** Opening Supplied material block **

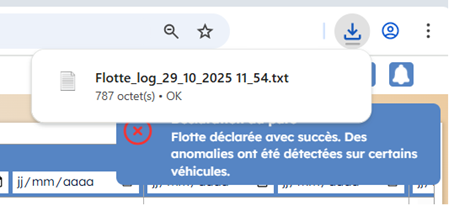 Une fenêtre de confirmation apparait en haut à droite. Dans le cas où des erreurs ont été constatées lors de la déclaration, un fichier de log est automatiquement téléchargé :
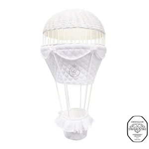 Die Lampe ist in der Form eines Heißluftballons gestaltet und besteht aus handgeflochtenem, weiß lackiertem Rattan in Kombination mit edlem, gestepptem Veloursstoff. Der Lampenkorb wird von einer zarten, transparenten Rüsche umrahmt und mit echten Swarovski® Kristallen verziert, die das Licht auf besonders elegante Weise reflektieren.
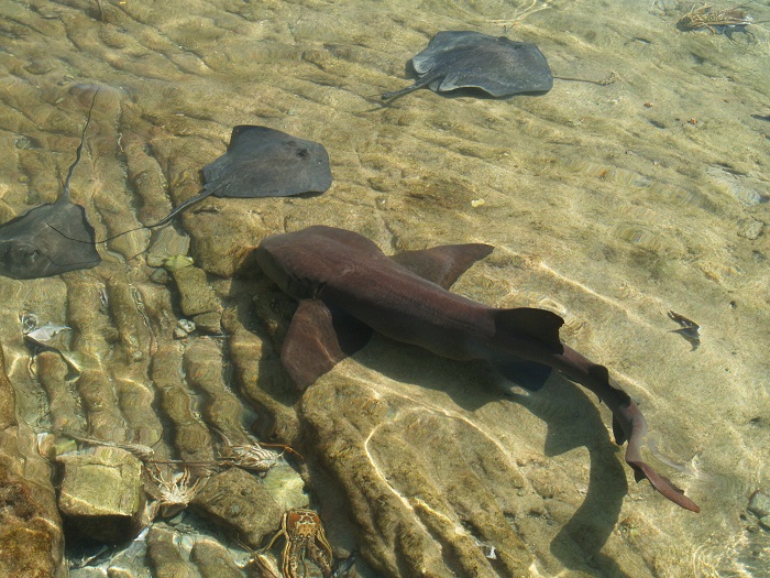 In spite of being in a busy marina, the water is incredibly clear. It almost looks like they are just laying on rock. No, there is some 4’ of water. Really, really clear.
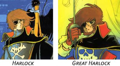Miimé et les Walkyries de Wotan admirent Great Harlock sans qu’on sache pourquoi. A aucun moment ce personnage ne démontre en quoi il est si formidable. Il ne fait preuve d’aucun sens tactique et d’aucun courage particulier. Son orgueil, doublé d’un excès de confiance en lui, frise même la bêtise lorsqu’il laisse délibérément monter Hagen (le fils d’Alberich) avec une bombe sur le corps. Si le hasard n’avait pas été de leur côté, Great Harlock et le Docteur Ôyama seraient morts.
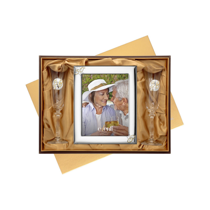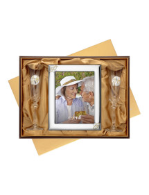 Set portafotos laminado de plata 18x24 + copas 50 aniversario

** Closing Supplied material block **

* [What you are asked to do]
Can you retype every record above exactly, leaving out the pictures?

* [Solved exercise]
 Une fenêtre de confirmation apparait en haut à droite. Dans le cas où des erreurs ont été constatées lors de la déclaration, un fichier de log est automatiquement téléchargé :
 Die Lampe ist in der Form eines Heißluftballons gestaltet und besteht aus handgeflochtenem, weiß lackiertem Rattan in Kombination mit edlem, gestepptem Veloursstoff. Der Lampenkorb wird von einer zarten, transparenten Rüsche umrahmt und mit echten Swarovski® Kristallen verziert, die das Licht auf besonders elegante Weise reflektieren.
 In spite of being in a busy marina, the water is incredibly clear. It almost looks like they are just laying on rock. No, there is some 4’ of water. Really, really clear.
Miimé et les Walkyries de Wotan admirent Great Harlock sans qu’on sache pourquoi. A aucun moment ce personnage ne démontre en quoi il est si formidable. Il ne fait preuve d’aucun sens tactique et d’aucun courage particulier. Son orgueil, doublé d’un excès de confiance en lui, frise même la bêtise lorsqu’il laisse délibérément monter Hagen (le fils d’Alberich) avec une bombe sur le corps. Si le hasard n’avait pas été de leur côté, Great Harlock et le Docteur Ôyama seraient morts.
 Set portafotos laminado de plata 18x24 + copas 50 aniversario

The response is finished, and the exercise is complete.